■ **WORK INSTRUCTION**
Pictures are to be excluded. Please print only the lines from the one containing "(victorian castlevery detailed:1.10)" through the end of the data, exactly as they appear.
=== RECORDS SHOWN ===
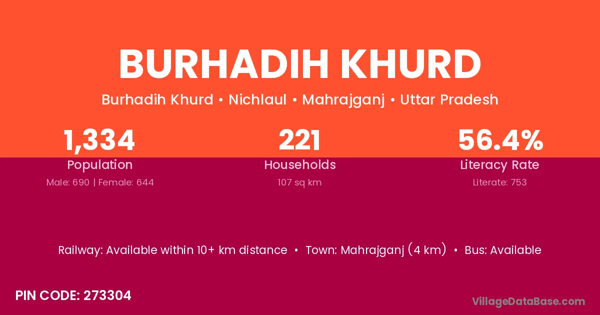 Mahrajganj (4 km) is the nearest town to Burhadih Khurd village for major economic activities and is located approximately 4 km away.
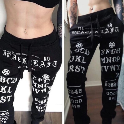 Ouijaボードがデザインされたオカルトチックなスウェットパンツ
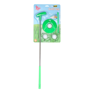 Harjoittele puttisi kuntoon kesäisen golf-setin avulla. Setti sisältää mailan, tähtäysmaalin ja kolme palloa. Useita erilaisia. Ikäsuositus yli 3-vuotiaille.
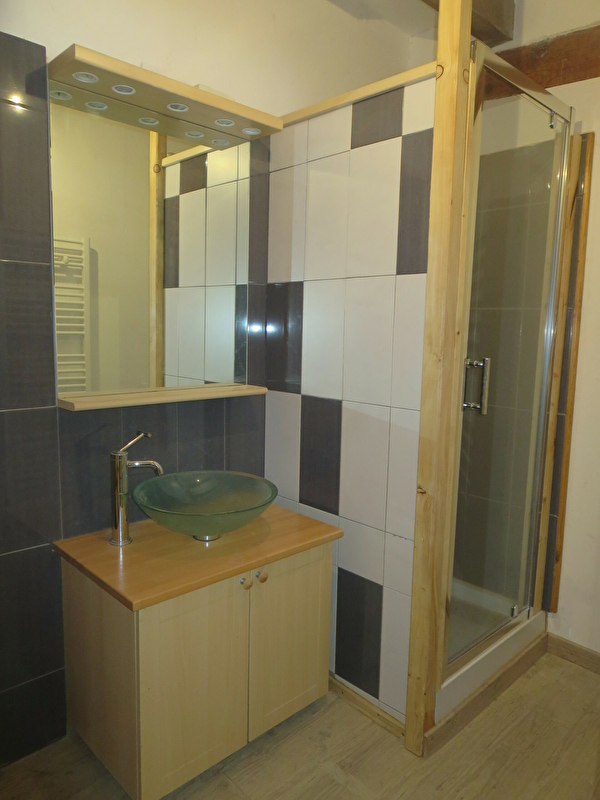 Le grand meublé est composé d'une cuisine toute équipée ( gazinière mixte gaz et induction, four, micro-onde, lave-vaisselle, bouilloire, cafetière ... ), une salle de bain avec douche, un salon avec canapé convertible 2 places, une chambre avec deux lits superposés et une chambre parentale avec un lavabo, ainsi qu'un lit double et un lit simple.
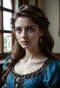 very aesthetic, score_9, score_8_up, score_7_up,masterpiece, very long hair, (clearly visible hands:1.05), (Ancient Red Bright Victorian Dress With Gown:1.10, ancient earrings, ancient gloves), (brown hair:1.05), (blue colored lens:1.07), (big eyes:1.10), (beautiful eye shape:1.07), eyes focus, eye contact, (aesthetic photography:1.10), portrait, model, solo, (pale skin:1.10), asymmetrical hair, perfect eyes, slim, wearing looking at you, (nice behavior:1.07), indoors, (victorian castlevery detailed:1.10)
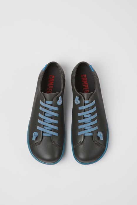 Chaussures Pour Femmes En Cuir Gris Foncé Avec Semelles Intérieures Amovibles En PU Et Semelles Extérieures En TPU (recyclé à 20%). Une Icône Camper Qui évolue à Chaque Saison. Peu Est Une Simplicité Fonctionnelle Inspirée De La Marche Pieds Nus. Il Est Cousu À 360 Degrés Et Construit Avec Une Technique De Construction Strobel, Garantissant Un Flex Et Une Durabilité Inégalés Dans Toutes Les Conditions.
===
■ **ANSWER FOR THE TASK**
 very aesthetic, score_9, score_8_up, score_7_up,masterpiece, very long hair, (clearly visible hands:1.05), (Ancient Red Bright Victorian Dress With Gown:1.10, ancient earrings, ancient gloves), (brown hair:1.05), (blue colored lens:1.07), (big eyes:1.10), (beautiful eye shape:1.07), eyes focus, eye contact, (aesthetic photography:1.10), portrait, model, solo, (pale skin:1.10), asymmetrical hair, perfect eyes, slim, wearing looking at you, (nice behavior:1.07), indoors, (victorian castlevery detailed:1.10)
 Chaussures Pour Femmes En Cuir Gris Foncé Avec Semelles Intérieures Amovibles En PU Et Semelles Extérieures En TPU (recyclé à 20%). Une Icône Camper Qui évolue à Chaque Saison. Peu Est Une Simplicité Fonctionnelle Inspirée De La Marche Pieds Nus. Il Est Cousu À 360 Degrés Et Construit Avec Une Technique De Construction Strobel, Garantissant Un Flex Et Une Durabilité Inégalés Dans Toutes Les Conditions.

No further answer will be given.